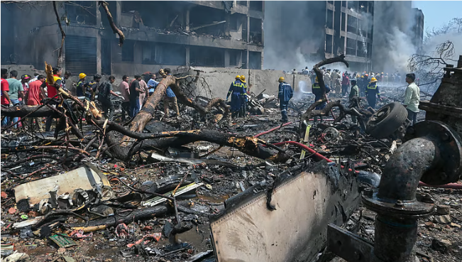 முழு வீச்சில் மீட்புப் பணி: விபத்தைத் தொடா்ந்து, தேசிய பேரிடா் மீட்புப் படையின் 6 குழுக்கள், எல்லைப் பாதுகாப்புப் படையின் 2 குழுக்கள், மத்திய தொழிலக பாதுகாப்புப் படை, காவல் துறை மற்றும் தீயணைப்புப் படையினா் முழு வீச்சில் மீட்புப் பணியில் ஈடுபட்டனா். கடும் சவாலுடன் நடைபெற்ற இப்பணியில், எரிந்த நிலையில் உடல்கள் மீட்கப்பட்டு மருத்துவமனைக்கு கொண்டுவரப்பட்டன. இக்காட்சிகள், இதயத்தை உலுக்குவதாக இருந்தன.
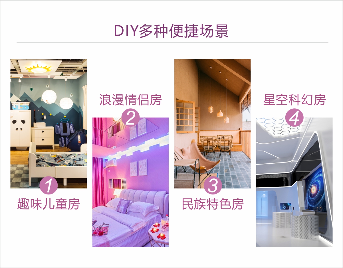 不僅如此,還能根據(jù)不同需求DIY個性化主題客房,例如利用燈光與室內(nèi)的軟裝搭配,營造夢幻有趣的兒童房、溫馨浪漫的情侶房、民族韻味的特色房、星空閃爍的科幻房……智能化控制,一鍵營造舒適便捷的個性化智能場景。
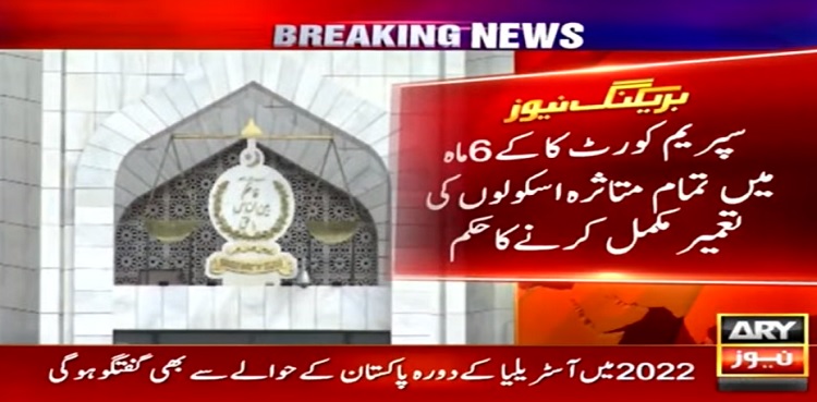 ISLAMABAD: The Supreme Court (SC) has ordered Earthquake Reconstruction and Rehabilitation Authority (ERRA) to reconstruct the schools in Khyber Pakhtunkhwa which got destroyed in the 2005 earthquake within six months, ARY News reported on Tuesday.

* * *

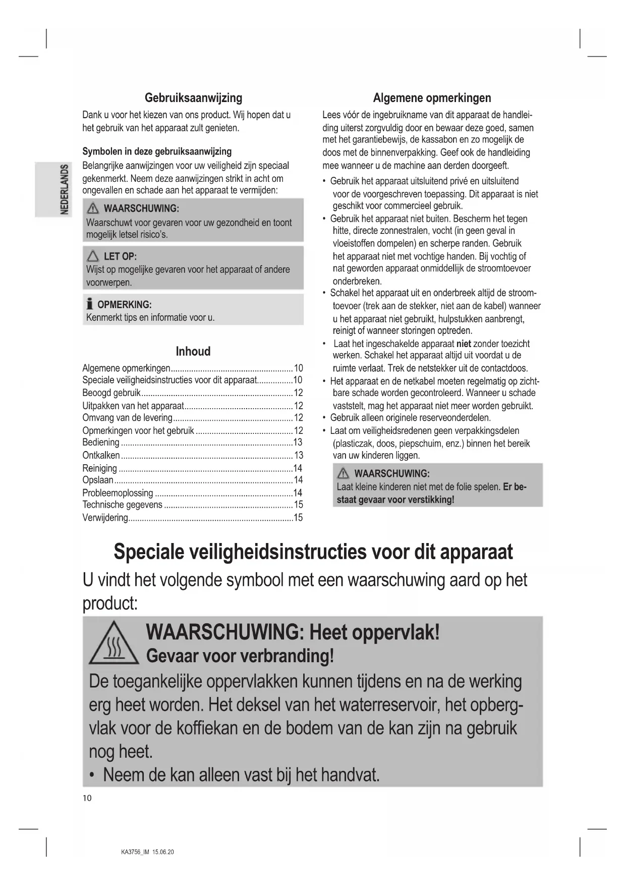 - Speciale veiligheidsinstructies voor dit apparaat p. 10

▶ **WORK ORDER**: In the material above, the stretch from the line with "不僅如此,還能根據(jù)不" through the line with "ISLAMABAD: The Supreme" is to be given again exactly, minus the pictures.

▶ **EXERCISE ANSWER**:
 不僅如此,還能根據(jù)不同需求DIY個性化主題客房,例如利用燈光與室內(nèi)的軟裝搭配,營造夢幻有趣的兒童房、溫馨浪漫的情侶房、民族韻味的特色房、星空閃爍的科幻房……智能化控制,一鍵營造舒適便捷的個性化智能場景。
 ISLAMABAD: The Supreme Court (SC) has ordered Earthquake Reconstruction and Rehabilitation Authority (ERRA) to reconstruct the schools in Khyber Pakhtunkhwa which got destroyed in the 2005 earthquake within six months, ARY News reported on Tuesday.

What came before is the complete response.